Rumah ini juga turut memunculkan semangat baru. Tak berselang lama setelah berdiri, Imas mencoba mencari modal untuk berjualan makanan ringan di depan rumah. Ia ingin memanfaatkan ruang baru itu sebagai titik awal usaha kecil, agar bisa sedikit demi sedikit mandiri. 

“Rumah itu hartanya Ibu. Andai saja Bapak masih ada, pasti beliau juga senang lihat rumah ini,” ucapnya sambil menahan haru. 

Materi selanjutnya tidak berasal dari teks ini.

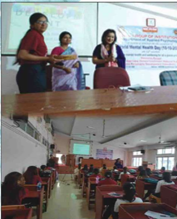
10th October: World Mental Health Day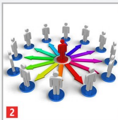
2 Individuation service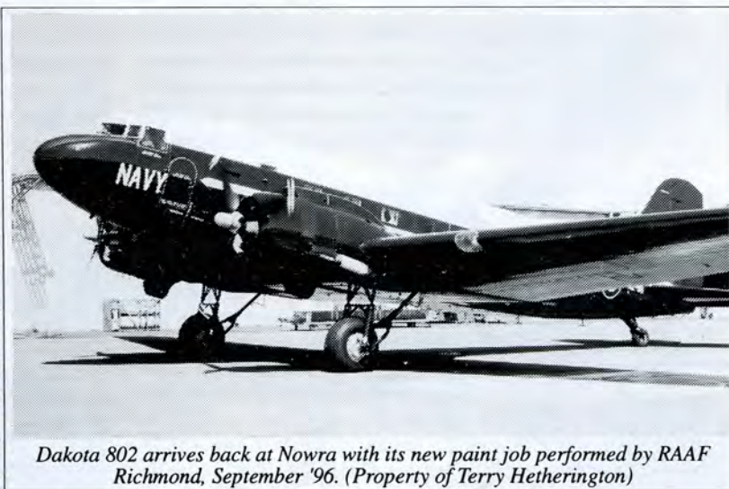
Dakota 802 arrives back at Nowra with its new paint job performed by RAAF Richmond, September '96.

After years of delays there now seems to be real hope of having the Firefly's engine fully overhauled in the USA next year, and having it improved with the installation of later series camshafts and rocker gear which should see the last of those nagging valve-train problems.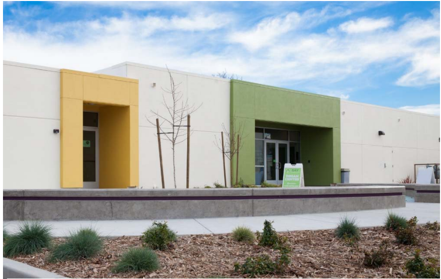
Social Advocates for Youth Dream Center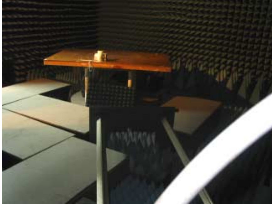
Photograph No.1 Setup for spurious emission field strength measurements in anechoic chamber below 30 MHz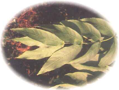
ASH - Flaxinus excelsior

ASH - Many large standards, younger trees and saplings throughout the woods. Ash is an early coloniser and provides food for privet hawk moths.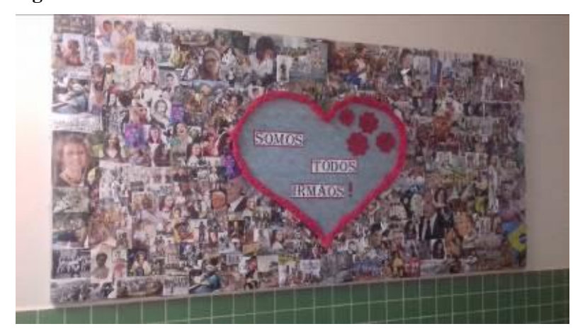
Figure 2. We Are All Brothers and Sisters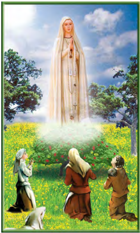
Our Lady of the Rosary of Fatima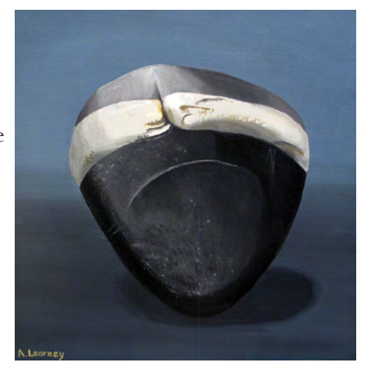
17 Alan Learney Pebble with Quartz Band Acrylic £75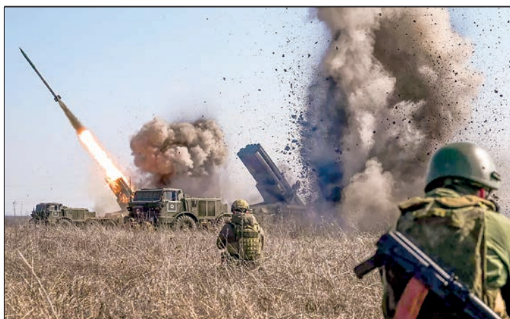
Russian servicemen of the artillery brigade division of the Centre group of forces fire a BM-27 9K57 Uragan (Hurricane) multiple launch rocket system towards positions of the Ukrainian Armed Forces in the Avdiivka sector of the front line amid Russia's military operation in Ukraine, Russia. PHOTO: SPUTNIK

Gaza ceasefire talks were held in Doha last week involving Qatar, Egypt, the United States and Israel. Hamas leadership refused to participate in the talks due to a lack of specifics on the terms of the truce. A joint statement by the United States, Qatar and Egypt, released by the office of Egyptian President Abdel Fattah Sisi, said the mediators had presented Israel and Hamas with a ceasefire proposal that narrowed the differences between the parties. — SPUTNIK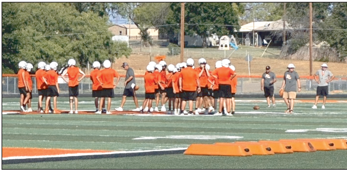
Football! The Robert Lee High School Steers kicked off their 2023 football season on Monday, July 31, with their two-a-days.

There have been 62 work orders completed, 19 poly cart work orders, five disconnects due to non-payment, three minor leaks repaired, one sewer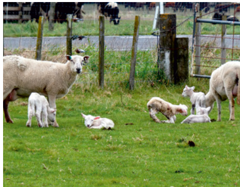
Wiltshire ewes and lambs. The two-tooths docked 150%.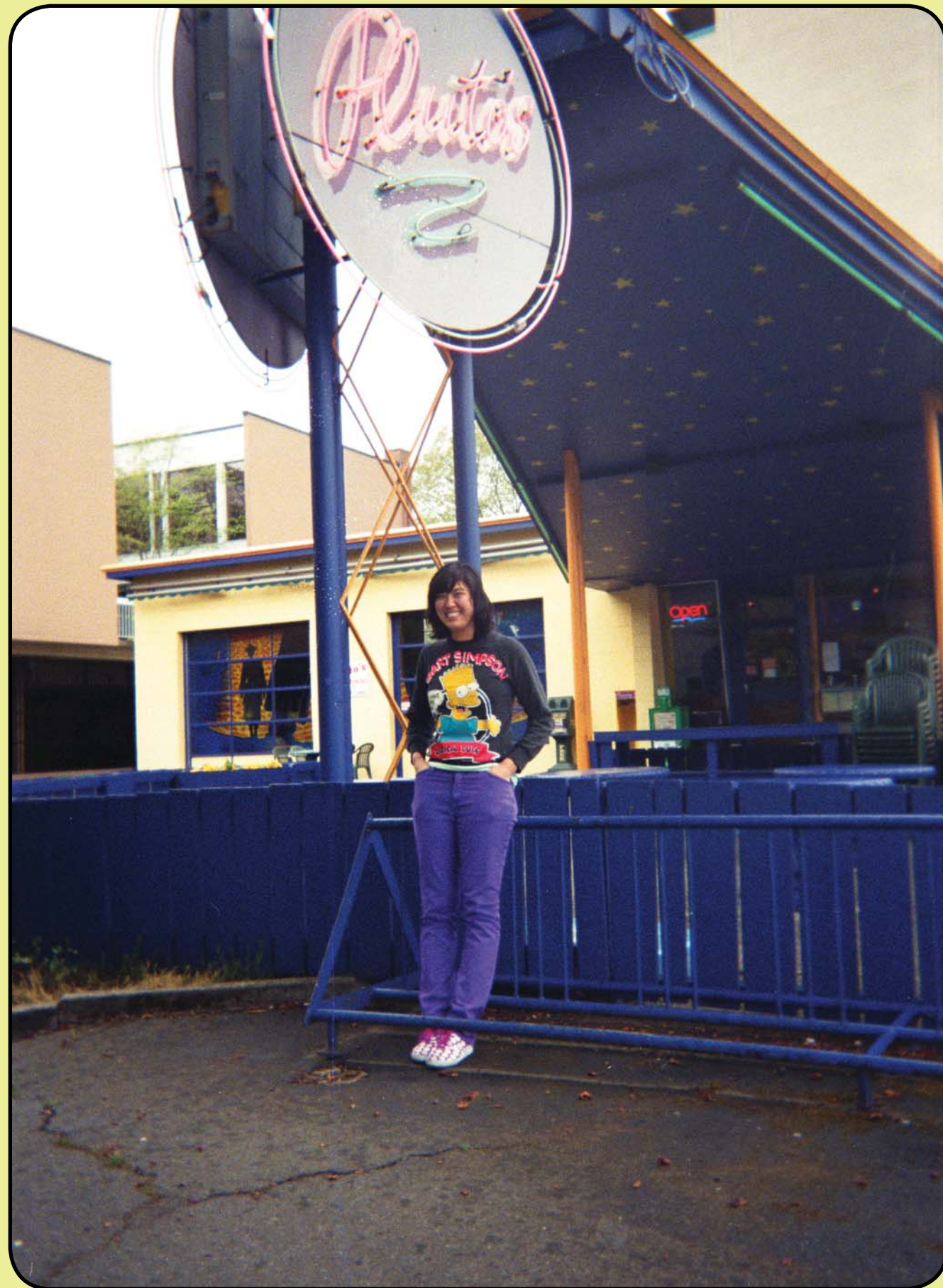
outside of pluto's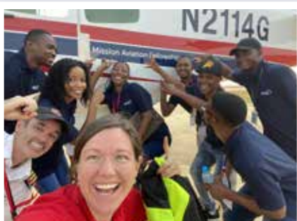
Image: MAF Guinea team celebrating first year of operation in April 2023.

In 2010, the Christian Radio Missionary Fellowship became MAF Technologies, strengthening HF radio communication across PNG. The network, linking over 900 remote locations, facilitates life-saving medevac flights, receiving more than 4,000 calls annually. Additionally, MAF Technologies provide communities with internet access, enabling pastors and teachers to access vital ministry resources.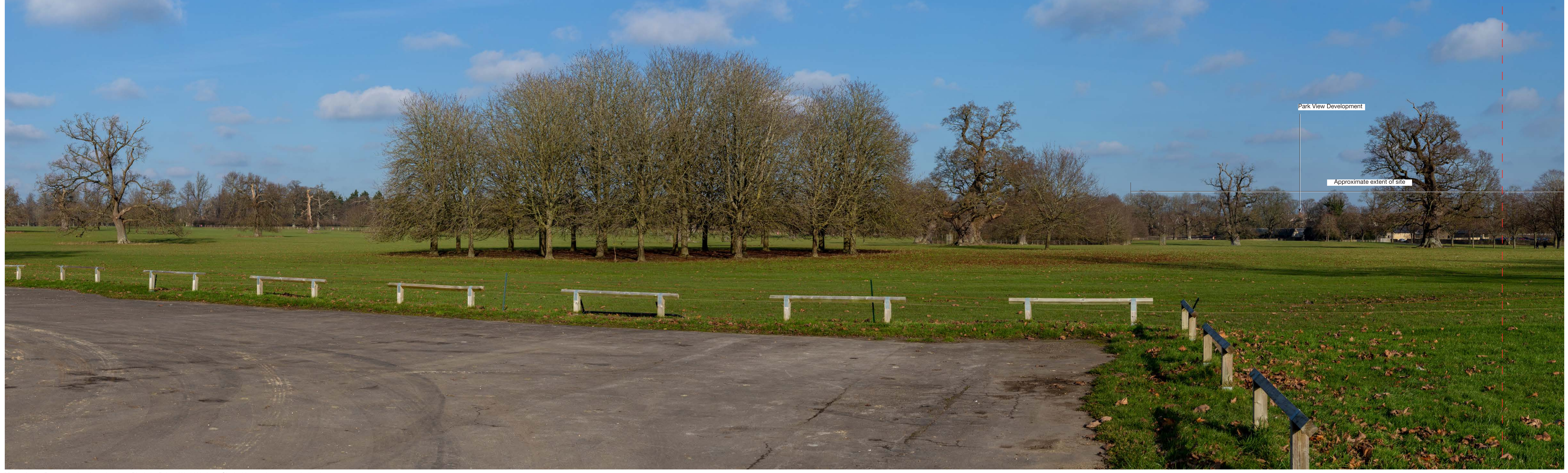
Viewpoint 9 - Representative view taken from Blenheim Palace World Heritage Site looking northeast towards the site Visualisation Type 1. To be viewed at a comfortable arm's length and printed at A1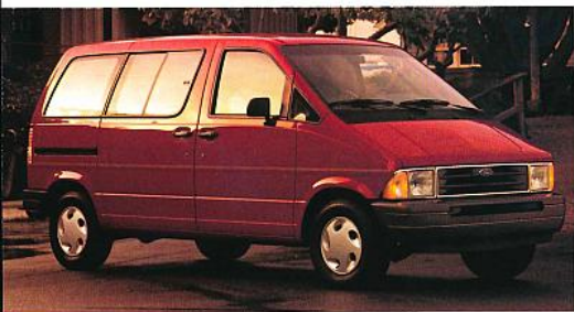
Above: Aerostar XL in Ruby Red Clearcoat Metallic.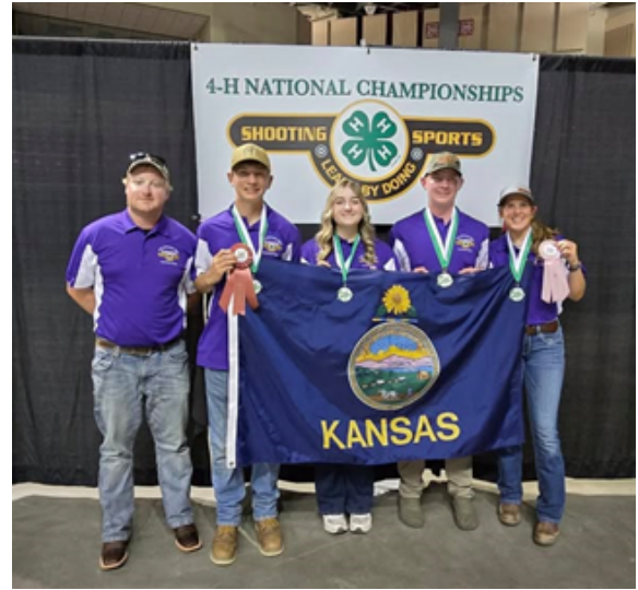
Kansas National Team

Sedgwick County 4-H Super Shooters showing citizenship at nationals. They were the only team that helped break down the range. 1st Place in my book. Hope you are all having fun.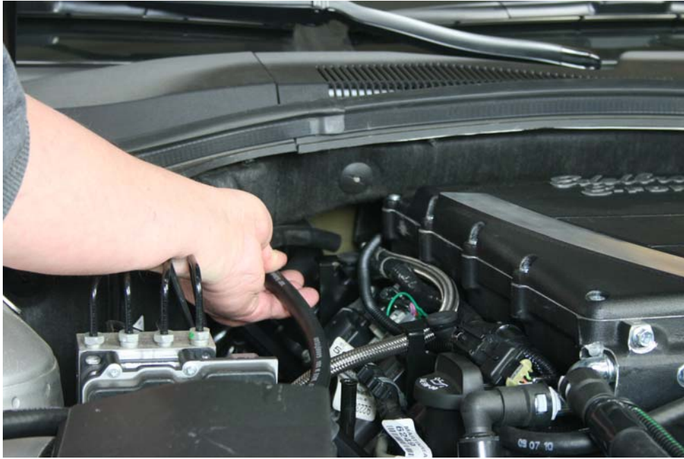
Step 4: Route 56" length of hose around back of engine to PCV nipple on valve cover.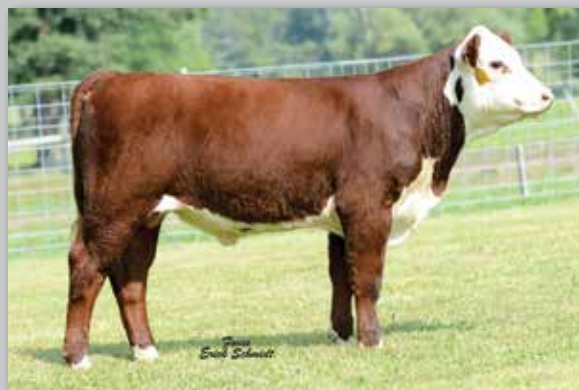
Lot 22 — KJD Babe Ruth 8B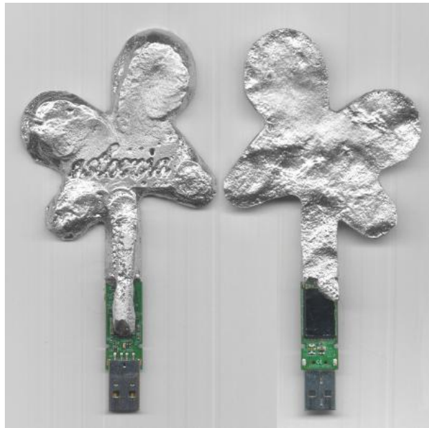
Asthenia, 2023 Aluminium casting, 15 x 8 cm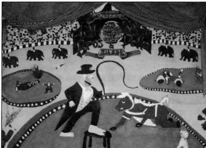
Our banner we created for the circus theme, won for us the 2 nd place award.

This makes the second year in a row that we have won Homecoming. Last year we overtook the rest of the Greeks alongside Alpha Delta Pi. This year we succeeded once again.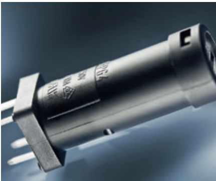
FPG4 fuseholder

The fuseholder standard IEC/EN 60127-6 has been revised to improve fire safety. Effective in October 2017, manufacturers of fuseholders will only be permitted to market products that have been tested and authorized in accordance with the updated standard. SCHURTER will offer its customers upgraded solutions by the deadline.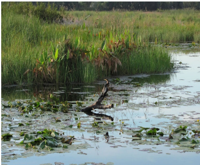
An anhinga enjoys the lily pond

A small trailer at the southern end of the marsh contains a pilot program for removing organic nitrogen—one of the worst elements of urban water pollution—by pumping surface water through a commercial ultra-violet reactor followed by several filters and an optional hydrogen peroxide injection system. If it is successful, similar projects may be built around Florida on a larger scale. □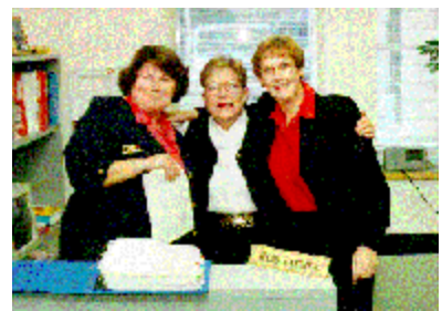
These people are *way* too happy.

Dilbert's Laws of Work: Important letters that contain no errors will develop errors in the mail.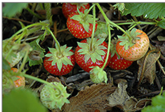
Common Wild Strawberry

Common Wild Strawberry features dainty white cup-shaped flowers with yellow eyes along the stems from late spring to early summer. Its attractive tomentose round compound leaves remain green in colour throughout the season. It features an abundance of magnificent cherry red berries from late spring to late summer.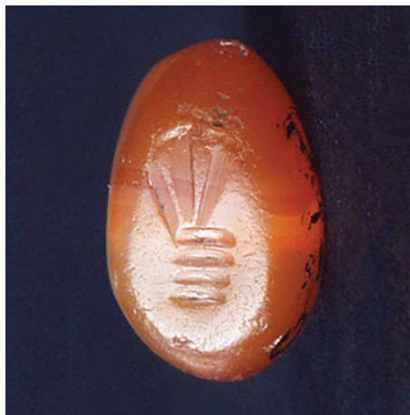
Figure 23: Pomegranate

Seal: 1.3cm x 1.6cm. Carnelian. RC 1366.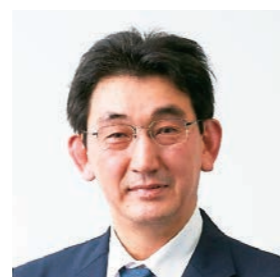
Center Director, Green hydrogen research laboratory Director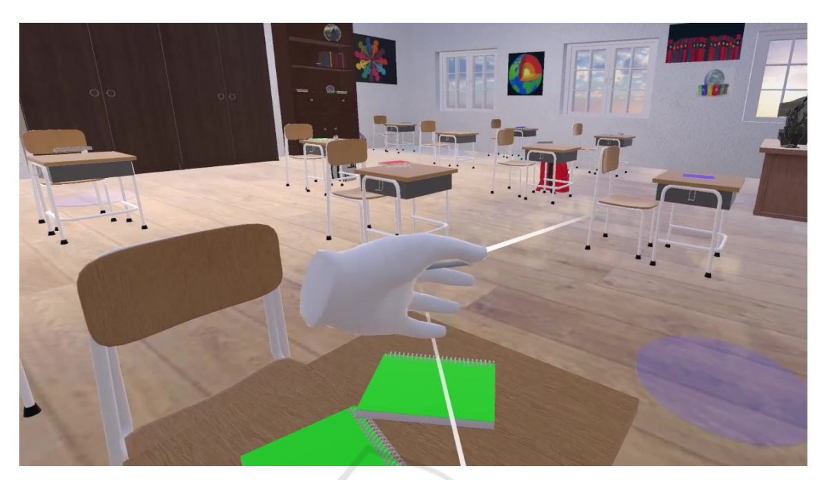
Figure 2: Gaming Stage, a classroom to interact with objects during the first minute of playing.

Words are identified as enemies and are spawned in random positions of the navmesh with a fixed delay.

Imas menata dagangan di warung kecil depan rumahnya yang telah layak huni, hasil pembangunan Habitat for Humanity Indonesia bersama Prudential Indonesia di Gunung Putri, Bogor (28/8). Foto: HFHI/Kevin Herbian

Perubahan yang dirasakan Imas sejalan dengan tujuan besar Program Desa Maju Prudential tahap ketiga yang berjalan sejak November 2024. Program ini tidak hanya membangun rumah seperti milik Imas, tetapi juga memberi dampak luas bagi komunitas. Ada 27 unit rumah layak huni baru yang dibangun, 21 unit toilet rumah tangga baru, serta renovasi 4 fasilitas pendidikan dan umum. Selain itu, program ini menyediakan mesin untuk mengubah sampah menjadi biji plastik, mengadakan pelatihan pengolahan sampah bagi 210 peserta, melatih 75 pengurus pengolahan sampah, hingga memberikan edukasi tentang konstruksi dasar rumah sehat, perilaku hidup bersih dan sehat, serta mitigasi bencana bagi masyarakat. 

Bagi sebagian orang, rumah mungkin hanya dinilai sebagai tempat berteduh. Namun bagi Imas, rumah baru ini adalah simbol kehidupan baru. Dari rumah ini, ia kembali menemukan semangat, harapan, dan keberanian untuk melangkah maju bersama anak-anaknya.